Do you think this would satisfy whats required in regards to the steps?
Also how far around the steps do you think i should also build up? so it doesnt look so obvious? or does it not matter aslong as the ground immediatly around the stairs is correct? 
Thanks in advance for any replies 
trent

----------


## danielhobby

hi,building up ground level hasd been known to work to get around regs temporarily.also,are you sure that the dimension drawn as going210mm is legal,to my understanding the only stair that can have a 210mm going is a spiralstair.cheers danny.

----------


## dib

You can build up dirt at the bottom, this reasonably common to do (and and have done this).  I have also heard of people nailing up doors so that the stair/s can not be used to get their certificate. I had to build a 40mm "deck" around the bottom of my stairs into the garage as it was 610 not 570 (oops!).

----------


## kasperflipped

> hi,building up ground level hasd been known to work to get around regs temporarily.also,are you sure that the dimension drawn as going210mm is legal,to my understanding the only stair that can have a 210mm going is a spiralstair.cheers danny.

  yeah the step width has to be a minimum of 240mm, that bit of pen is from a builders old job who scanned me the page. 
So I think I'm going to have a crack at this "building" up the ground, it will be a much cheaper option.

----------


## Eastwing

You could try just blocking the door off.

----------


## Cecile

> You could try just blocking the door off.
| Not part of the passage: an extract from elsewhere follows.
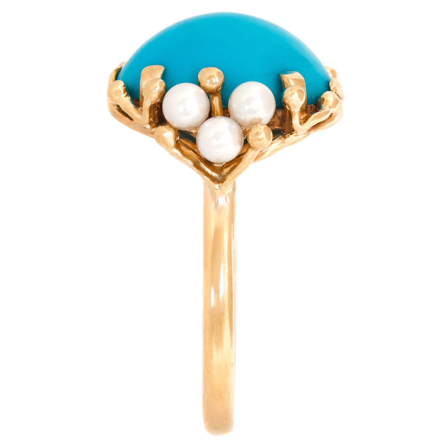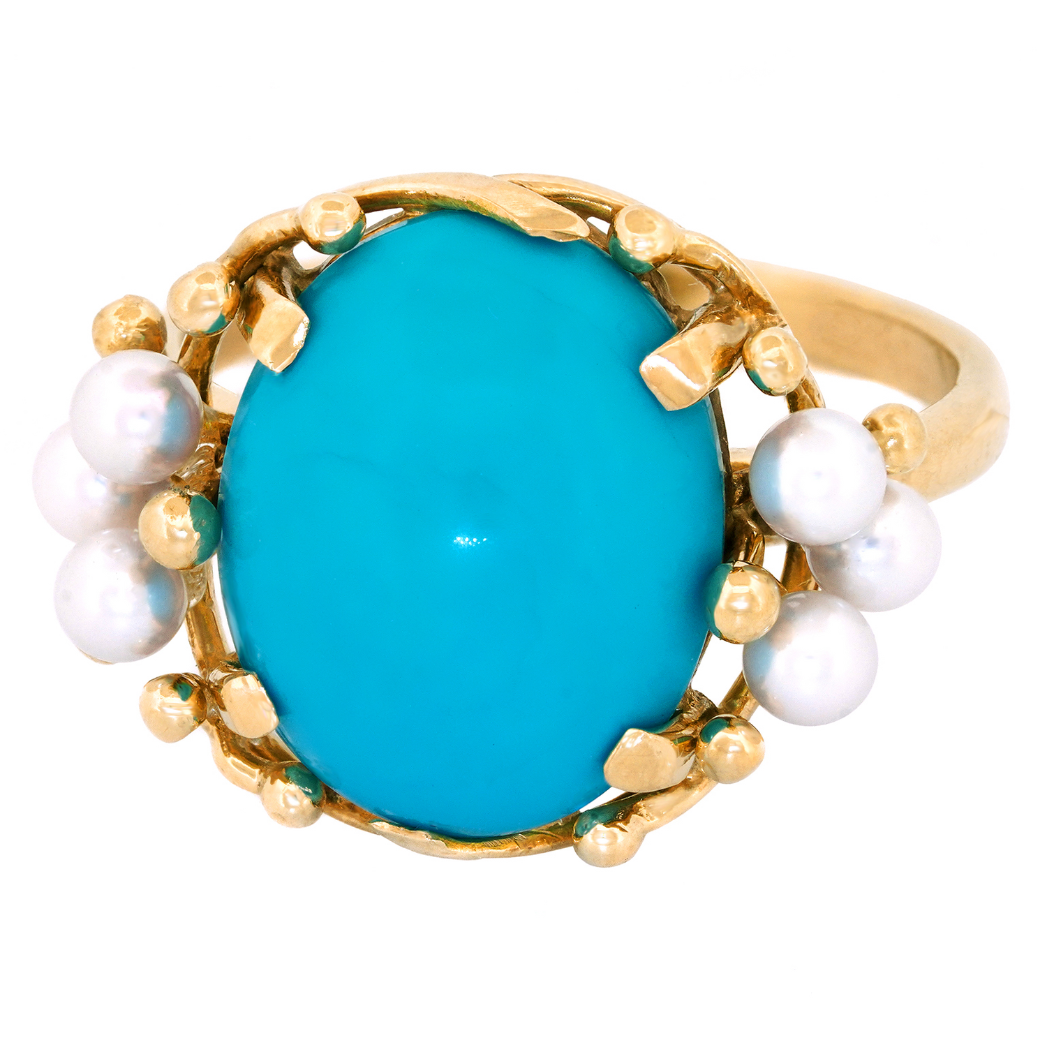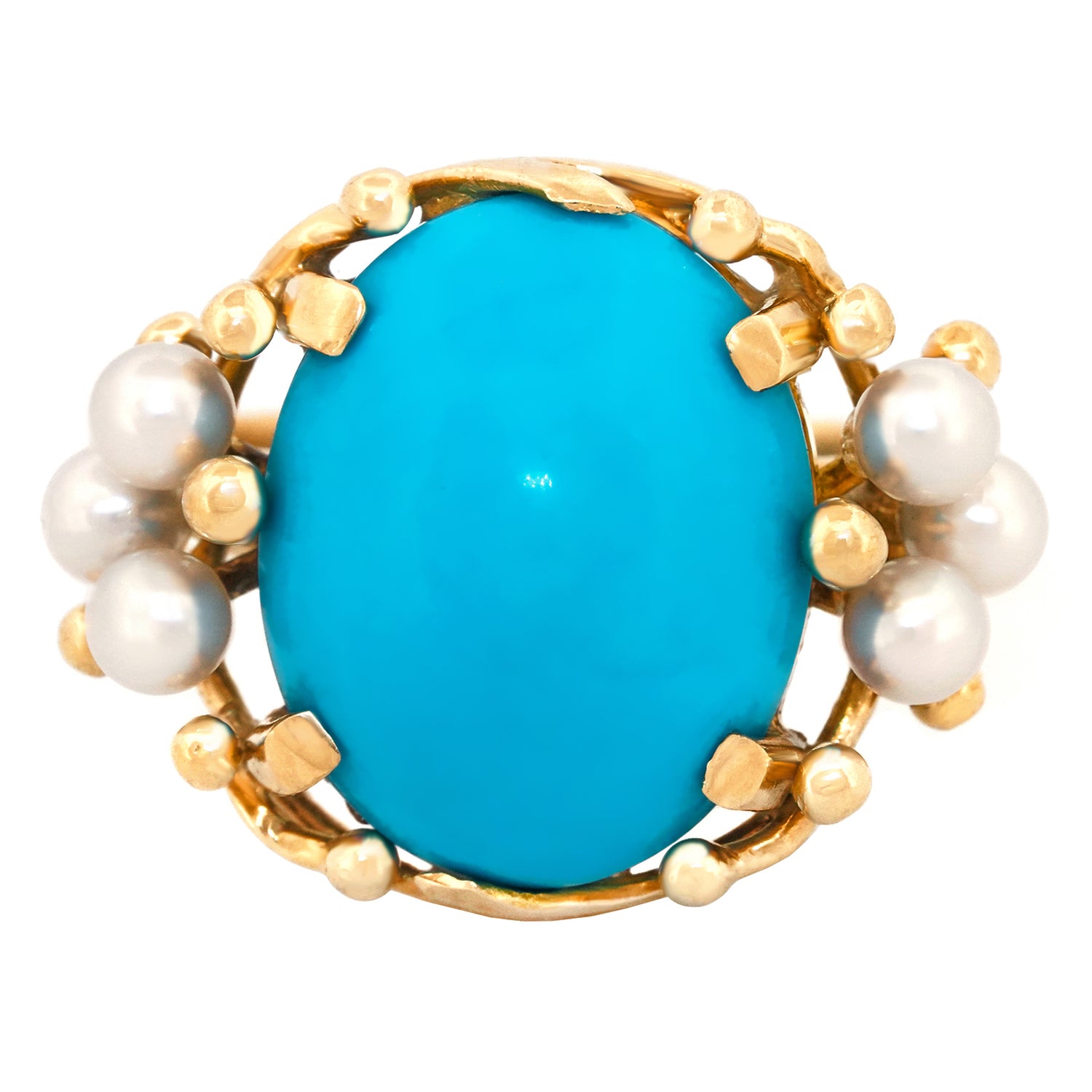 Circa 1960s, 14k, by Mings, Hawaii. Effortlessly everyday chic, this fabulous sixties ring will compliment any fashion narrative. The turquoise is a brilliant sky blue, set in yellow gold, and accented by lustrous pearls. Excellent condition.

  i agree.  will they issue the C of O if the door(s) in question are permanently (temporarily) fastened shut, eg with screws?  building up the dirt at the bottom works also but makes more work when comes time to build the deck as you'll have to shift the dirt again

----------


## Bloss

Generally the door is fixed so that it can't be opened - so screws or nails in a hidden place but able to be shown to the certifier/ inspector. Then they are removed once signed off and deck built. I've had doors opening onto where a later deck will be 4m high passed this way!

----------


## kasperflipped

ahoy everyone, just letting you know that building up the dirt around the stairs has worked and passed council inspection, so if your ever in the same position as i was, consider this as an option
trent

----------


## watson

Thanks for the update.

----------